First, let me identify the problems that we've seen and I'd like to solve with this proposal.
Squeak is different from typical programming languages because it's more than just a programming language and IDE. It's also an application framework, an authoring application, a multimedia application, etc.
We have different groups of users of Squeak. Each group has its own view of what Squeak is and should be. We don't have a single benevolent dictator pushing us in one direction.
Each of these groups defines their view of Squeak in terms of what they want to do with it, and what they want it to contain. And these lists of desires and contents are often quite different between the communities.
Of course, a given person might count themselves in more than one of these communities depending on what they're doing at a given instant.
Among these communities are:
Our largest group of users doesn't even realize that there is something called Smalltalk in Squeak. For them, Squeak is EToys, and is an educational application.
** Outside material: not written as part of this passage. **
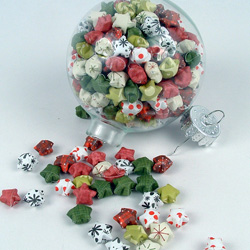 While I was cruising the net this morning for an idea for our Ornament Advent, I found an origami Christmas Star that used wrapping paper scraps. Since most of my wrapping for Christmas is done, I have lots of small pieces of paper lying around and was eager to try it.

This includes the 80000 users in Extremadura in Spain, as well as tens of thousands of users in Japan and around the world.
Even within this group, the view of Squeak is different. The Squeakland distribution is relatively sparse, and is intended for relatively quick download times. The SmallLand distribution contains a number of additional packages and projects.
A rapidly growing group of the Squeak community uses Squeak as a platform for developing and delivering web-based applications. They use packages like Seaside or HTTPView, as well as web server packages like Comanche.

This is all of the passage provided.